Restaurer un véritable impôt sur l’héritage
J.G. : Les néo-libéraux ont habilement exploité le souhait universel et raisonnable de laisser quelque chose à ses enfants pour justifier des mesures successives d’exonération d’impôt sur les successions. La force de cette tendance aux Etats-Unis montre bien qu’on a affaire à des réactionnaires, parce que, selon la vraie culture libérale anglo-saxonne, l’impôt sur l’héritage est le seul légitime : on ne doit pas accabler de charges quelqu’un qui s’enrichit grâce à son mérite personnel et ses efforts, mais il n’y aucune raison qu’à sa mort ce fruit aille à quelqu’un d’autre, qui ne l’a pas mérité. En dépit de ça, on abaisse partout l’impôt sur les successions. Il faut le rétablir, avec une exonération totale pour les petites successions et des taux progressifs jusqu’à un niveau maximal de 90 ou 100 % au delà de montants importants.
TROP D’IMPOT TUE L’IMPOT ?
Ces réformes ne risquent-elles pas de provoquer une évasion fiscale ?

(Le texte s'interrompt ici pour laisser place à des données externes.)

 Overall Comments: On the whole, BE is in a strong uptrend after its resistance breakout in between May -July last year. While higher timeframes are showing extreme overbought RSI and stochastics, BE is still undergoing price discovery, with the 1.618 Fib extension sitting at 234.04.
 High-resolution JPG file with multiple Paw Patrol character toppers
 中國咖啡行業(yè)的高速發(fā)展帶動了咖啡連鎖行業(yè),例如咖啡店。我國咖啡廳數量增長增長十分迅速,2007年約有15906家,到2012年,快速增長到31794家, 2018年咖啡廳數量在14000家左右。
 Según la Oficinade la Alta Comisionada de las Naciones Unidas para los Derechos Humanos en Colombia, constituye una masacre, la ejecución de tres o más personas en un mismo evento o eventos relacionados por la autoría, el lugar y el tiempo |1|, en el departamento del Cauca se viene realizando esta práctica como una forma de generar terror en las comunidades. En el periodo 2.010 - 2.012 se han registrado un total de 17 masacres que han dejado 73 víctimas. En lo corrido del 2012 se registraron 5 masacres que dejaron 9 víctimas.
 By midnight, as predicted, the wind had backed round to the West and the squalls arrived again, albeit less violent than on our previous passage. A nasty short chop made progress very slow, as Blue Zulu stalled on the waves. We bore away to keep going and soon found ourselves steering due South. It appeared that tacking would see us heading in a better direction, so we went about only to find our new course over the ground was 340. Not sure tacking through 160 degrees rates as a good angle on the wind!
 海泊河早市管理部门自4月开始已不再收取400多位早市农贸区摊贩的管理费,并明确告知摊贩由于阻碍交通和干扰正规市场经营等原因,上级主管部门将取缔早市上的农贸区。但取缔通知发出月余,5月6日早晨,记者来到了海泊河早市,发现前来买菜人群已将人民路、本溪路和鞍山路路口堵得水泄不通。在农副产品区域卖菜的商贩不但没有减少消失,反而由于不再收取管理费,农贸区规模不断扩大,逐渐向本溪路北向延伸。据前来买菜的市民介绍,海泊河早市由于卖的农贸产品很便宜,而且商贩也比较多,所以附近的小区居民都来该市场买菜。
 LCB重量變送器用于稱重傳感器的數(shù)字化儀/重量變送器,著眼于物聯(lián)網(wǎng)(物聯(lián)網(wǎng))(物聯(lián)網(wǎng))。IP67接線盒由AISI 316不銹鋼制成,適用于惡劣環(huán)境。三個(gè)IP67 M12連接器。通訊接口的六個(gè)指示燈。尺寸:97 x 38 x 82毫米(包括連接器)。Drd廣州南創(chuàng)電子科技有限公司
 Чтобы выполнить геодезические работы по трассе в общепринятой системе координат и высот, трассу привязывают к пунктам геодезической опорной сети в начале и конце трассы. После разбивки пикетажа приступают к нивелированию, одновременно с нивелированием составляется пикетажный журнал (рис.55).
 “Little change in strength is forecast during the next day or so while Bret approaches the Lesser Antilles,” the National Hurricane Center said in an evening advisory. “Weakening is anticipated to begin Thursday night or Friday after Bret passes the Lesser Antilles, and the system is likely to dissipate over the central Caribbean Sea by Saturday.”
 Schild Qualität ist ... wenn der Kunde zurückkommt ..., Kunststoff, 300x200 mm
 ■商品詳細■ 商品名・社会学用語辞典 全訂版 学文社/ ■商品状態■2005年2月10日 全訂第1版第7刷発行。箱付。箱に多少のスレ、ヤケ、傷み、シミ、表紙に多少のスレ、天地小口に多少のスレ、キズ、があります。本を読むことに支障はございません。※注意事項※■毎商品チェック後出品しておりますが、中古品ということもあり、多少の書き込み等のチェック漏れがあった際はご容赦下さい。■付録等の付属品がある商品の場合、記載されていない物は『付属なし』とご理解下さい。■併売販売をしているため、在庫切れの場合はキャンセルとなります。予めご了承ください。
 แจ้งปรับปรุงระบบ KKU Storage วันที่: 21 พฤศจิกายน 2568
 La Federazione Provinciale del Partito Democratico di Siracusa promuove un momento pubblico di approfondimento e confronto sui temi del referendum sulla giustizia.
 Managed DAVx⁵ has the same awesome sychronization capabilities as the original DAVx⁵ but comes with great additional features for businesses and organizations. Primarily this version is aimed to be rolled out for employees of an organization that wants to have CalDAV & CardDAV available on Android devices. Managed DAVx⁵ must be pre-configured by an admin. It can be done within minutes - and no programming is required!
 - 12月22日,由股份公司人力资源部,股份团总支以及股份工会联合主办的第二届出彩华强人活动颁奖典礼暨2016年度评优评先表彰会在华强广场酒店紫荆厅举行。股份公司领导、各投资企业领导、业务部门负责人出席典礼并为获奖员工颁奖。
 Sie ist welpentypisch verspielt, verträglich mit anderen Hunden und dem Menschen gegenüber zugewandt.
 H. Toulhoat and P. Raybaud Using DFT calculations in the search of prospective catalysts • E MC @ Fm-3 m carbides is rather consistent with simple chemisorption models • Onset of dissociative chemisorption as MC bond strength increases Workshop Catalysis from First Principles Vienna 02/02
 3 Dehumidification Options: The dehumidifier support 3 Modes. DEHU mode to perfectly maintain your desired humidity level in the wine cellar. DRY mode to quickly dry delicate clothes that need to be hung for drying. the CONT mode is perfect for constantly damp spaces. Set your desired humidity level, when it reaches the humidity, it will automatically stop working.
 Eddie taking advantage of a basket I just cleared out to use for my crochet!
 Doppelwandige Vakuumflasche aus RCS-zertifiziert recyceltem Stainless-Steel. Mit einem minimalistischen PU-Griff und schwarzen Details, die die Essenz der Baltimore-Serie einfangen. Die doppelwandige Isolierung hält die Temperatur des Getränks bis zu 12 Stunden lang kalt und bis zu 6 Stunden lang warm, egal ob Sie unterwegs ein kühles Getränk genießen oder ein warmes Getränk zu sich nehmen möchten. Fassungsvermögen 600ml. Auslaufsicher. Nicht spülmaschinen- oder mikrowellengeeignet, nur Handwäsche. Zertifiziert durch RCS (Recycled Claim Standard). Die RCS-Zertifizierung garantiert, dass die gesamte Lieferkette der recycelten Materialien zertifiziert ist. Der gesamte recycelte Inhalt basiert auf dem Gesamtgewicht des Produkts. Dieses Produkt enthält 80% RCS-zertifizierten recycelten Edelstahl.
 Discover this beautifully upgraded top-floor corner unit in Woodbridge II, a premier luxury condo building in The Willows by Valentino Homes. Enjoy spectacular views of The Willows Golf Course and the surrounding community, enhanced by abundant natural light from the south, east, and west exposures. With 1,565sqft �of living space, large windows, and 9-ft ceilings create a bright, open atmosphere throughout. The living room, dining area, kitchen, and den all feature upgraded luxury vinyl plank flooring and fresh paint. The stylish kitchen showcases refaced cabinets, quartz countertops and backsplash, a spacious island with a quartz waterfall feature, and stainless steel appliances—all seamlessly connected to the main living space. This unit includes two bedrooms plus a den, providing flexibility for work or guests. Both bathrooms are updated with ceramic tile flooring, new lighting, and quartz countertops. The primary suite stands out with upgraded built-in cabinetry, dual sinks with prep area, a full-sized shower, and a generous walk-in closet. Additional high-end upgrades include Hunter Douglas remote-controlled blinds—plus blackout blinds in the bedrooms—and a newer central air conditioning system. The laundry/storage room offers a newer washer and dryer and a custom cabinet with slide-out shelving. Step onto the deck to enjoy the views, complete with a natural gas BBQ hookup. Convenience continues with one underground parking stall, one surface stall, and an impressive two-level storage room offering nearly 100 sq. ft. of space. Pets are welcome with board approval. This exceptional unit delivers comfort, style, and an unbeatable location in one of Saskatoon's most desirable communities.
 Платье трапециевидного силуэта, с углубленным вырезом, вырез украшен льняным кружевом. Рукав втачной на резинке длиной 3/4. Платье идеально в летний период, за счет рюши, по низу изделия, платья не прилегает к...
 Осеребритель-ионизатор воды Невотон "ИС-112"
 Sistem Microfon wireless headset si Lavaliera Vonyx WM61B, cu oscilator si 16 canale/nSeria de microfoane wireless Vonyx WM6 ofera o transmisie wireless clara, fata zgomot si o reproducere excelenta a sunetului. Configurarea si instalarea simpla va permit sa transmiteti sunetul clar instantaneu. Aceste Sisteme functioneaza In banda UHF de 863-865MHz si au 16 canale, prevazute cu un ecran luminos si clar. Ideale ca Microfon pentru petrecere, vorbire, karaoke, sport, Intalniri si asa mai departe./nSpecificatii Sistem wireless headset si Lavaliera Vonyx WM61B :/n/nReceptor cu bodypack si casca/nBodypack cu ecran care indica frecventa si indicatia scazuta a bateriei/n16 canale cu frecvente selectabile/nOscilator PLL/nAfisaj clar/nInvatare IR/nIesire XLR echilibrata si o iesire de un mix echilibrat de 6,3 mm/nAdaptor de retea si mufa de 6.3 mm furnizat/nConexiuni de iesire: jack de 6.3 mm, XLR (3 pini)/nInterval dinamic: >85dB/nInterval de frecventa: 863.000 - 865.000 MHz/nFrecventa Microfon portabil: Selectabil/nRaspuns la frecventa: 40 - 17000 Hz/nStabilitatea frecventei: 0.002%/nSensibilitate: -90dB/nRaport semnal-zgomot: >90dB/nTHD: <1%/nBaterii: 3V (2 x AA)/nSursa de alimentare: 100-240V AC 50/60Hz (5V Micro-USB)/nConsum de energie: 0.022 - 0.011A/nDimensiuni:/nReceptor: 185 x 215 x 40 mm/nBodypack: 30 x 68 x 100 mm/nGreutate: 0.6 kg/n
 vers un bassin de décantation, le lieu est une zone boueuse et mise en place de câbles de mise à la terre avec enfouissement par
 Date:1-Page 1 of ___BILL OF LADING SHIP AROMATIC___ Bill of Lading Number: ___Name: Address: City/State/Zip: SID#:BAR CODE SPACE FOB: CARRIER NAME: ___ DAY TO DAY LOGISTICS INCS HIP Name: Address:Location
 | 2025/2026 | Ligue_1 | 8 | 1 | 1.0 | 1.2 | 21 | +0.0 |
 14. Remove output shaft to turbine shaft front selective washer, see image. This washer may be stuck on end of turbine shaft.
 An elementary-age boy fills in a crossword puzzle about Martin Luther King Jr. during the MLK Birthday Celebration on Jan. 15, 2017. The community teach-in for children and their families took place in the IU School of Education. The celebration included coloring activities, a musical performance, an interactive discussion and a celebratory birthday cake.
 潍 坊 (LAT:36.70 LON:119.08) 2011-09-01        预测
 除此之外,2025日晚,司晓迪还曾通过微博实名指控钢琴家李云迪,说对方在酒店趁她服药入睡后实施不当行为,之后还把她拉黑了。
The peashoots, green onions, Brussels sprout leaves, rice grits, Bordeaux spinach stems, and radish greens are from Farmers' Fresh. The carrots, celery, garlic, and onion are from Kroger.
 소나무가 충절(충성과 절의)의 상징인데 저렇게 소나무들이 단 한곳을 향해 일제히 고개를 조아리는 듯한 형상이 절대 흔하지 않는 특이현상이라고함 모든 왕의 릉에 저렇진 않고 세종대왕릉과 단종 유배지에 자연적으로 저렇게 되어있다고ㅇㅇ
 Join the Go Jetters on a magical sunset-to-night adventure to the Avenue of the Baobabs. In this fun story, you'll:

J.G. : La France est le troisième pays du monde en nombre de millionnaires. Les êtres humains ne sont pas des calculettes rationnelles qui décident de leur lieu de vie uniquement en fonction du taux de rendement de leur capital. On peut taxer les riches sans grand danger. Et s’ils s’en vont, cela permet de se débarrasser de gens qui ne veulent pas vivre dans une communauté politique selon ses lois et conventions. Les riches nous coûtent très cher dans le nouveau capitalisme, car ce système n’est pensé qu’en fonction de leurs intérêts, ce qui met les travailleurs et les entrepreneurs sous pression, nuit à la production, à l’investissement et aux services publics. Il faut se débarrasser de cette tutelle. Si une nouvelle imposition peut être un moyen rapide et efficace de le faire, il ne faut pas hésiter.
L.N.H : Il y a aujourd’hui de plus en plus d’imposables à l’ISF, beaucoup de nouveaux rentiers ont profité du capitalisme financier. Mais seuls 0,12 % des imposables à l’ISF partent à l’étranger chaque année, et davantage pour des raisons professionnelles que fiscales : c’est dérisoire. Quant à l’investissement, d’après les instituts internationaux, la France est, certaines années, le deuxième pays d’accueil des investissements directs à l’étranger, devant la Chine. Il y a beaucoup d’idées reçues à ce propos.
H.S. : Il faut profiter de la crise pour persuader les gouvernements qu’il est plus rentable pour eux de lutter contre l’évasion et les paradis fiscaux que de diminuer les allocations familiales ou le revenu minimum comme le fait actuellement l’Allemagne. On pourrait aussi faire payer les Français à l’étranger, comme le propose le député socialiste Jérôme Cahuzac. On calculerait leurs impôts suivant les normes françaises, en déduisant ceux qu’ils payent dans leur pays de résidence, et pour pouvoir conserver leur nationalité, ils devraient payer la différence en France.
Ces réformes ne risqueraient-elles pas de décourager le travail ?
J.G. : Dans nos sociétés, les inégalités salariales ne reflètent plus rien de concevable et sont devenues un facteur de démotivation au travail de la masse. On peut comprendre, dans notre culture, qu’un certain degré d’inégalité soit un stimulant, mais personne ne comprend qu’un PDG gagne 1 000 fois le salaire d’un ouvrier. Alors dire que l’augmentation de la fiscalité sur les hauts revenus risque de désinciter au travail, quelle blague !
L.N.H : Est-ce que l’impôt désincite au travail ? Je ne suis pas convaincu que les nouveaux riches soient des travailleurs.